The temperature at which the probability that an energy state with an ...
To determine the temperature at which the probability of an energy state above the Fermi level being occupied by an electron is 10%, we can use the Boltzmann distribution equation. The Boltzmann distribution describes the probability of an energy state being occupied at a given temperature.
The Boltzmann distribution equation is given by:
P(E) = (1 / Z) * exp(-E / kT)
Where:
P(E) is the probability of the energy state being occupied,
Z is the partition function,
E is the energy difference between the state and the Fermi level,
k is the Boltzmann constant, and
T is the temperature.
We are given that the energy difference (E) is 0.2 eV and the probability (P(E)) is 10%. We need to solve for the temperature (T).
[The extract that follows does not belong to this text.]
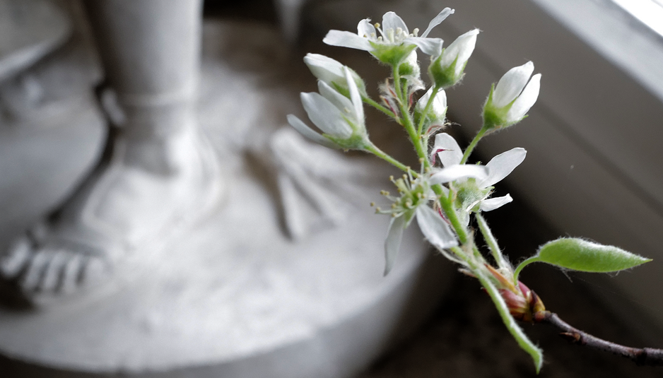 jetzt sind sie ausgekrochen nach drinnen geholte Zweige der Felsenbirne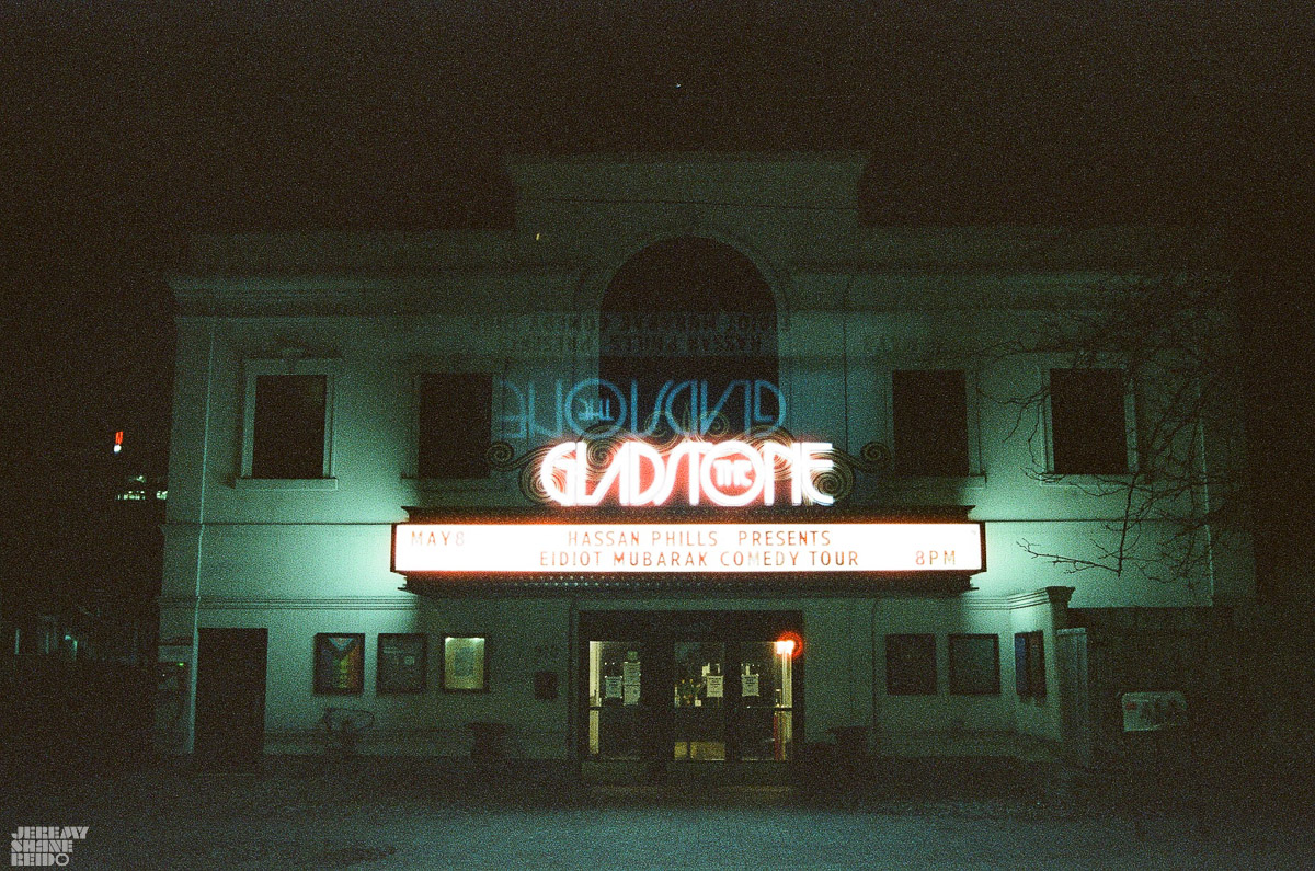 Ok so I went out a few different times with the Cinestill to see how the film handles different lighting situations. It is a fast film and I know people use it for nighttime photography so I figured I would give that a shot first. These first shots were taken one night as I was biking home from work. I wasn’t fully prepared for and did not bring a tripod so I shot all of these wide open at f/2 handheld. While they may not all be the sharpest photos I think they turned out pretty cool. I like the way the light halos look and the ghost image on the Gladstone sign is a mysterious surprise.

Let's rearrange the equation to solve for T:
T = -E / (k * ln(P(E) * Z))
Since we are only comparing the temperatures, we can ignore the partition function (Z) since it will cancel out when comparing two temperatures. Therefore, the equation becomes:
T = -E / (k * ln(P(E)))
Now we can substitute the given values into the equation:
T = -0.2 eV / (k * ln(0.1))
Next, we need to convert the energy from electron volts (eV) to joules (J) since the Boltzmann constant (k) is in J/K:
1 eV = 1.6 x 10^-19 J
T = -0.2 * (1.6 x 10^-19) / (k * ln(0.1))
Now we can substitute the value of the Boltzmann constant:
k = 1.38 x 10^-23 J/K
T = -0.2 * (1.6 x 10^-19) / (1.38 x 10^-23 * ln(0.1))
Calculating this expression will give us the value of T in kelvin. After evaluating the expression, we find that the temperature is approximately 1055 K.
Therefore, the correct answer is option A) 1055 K.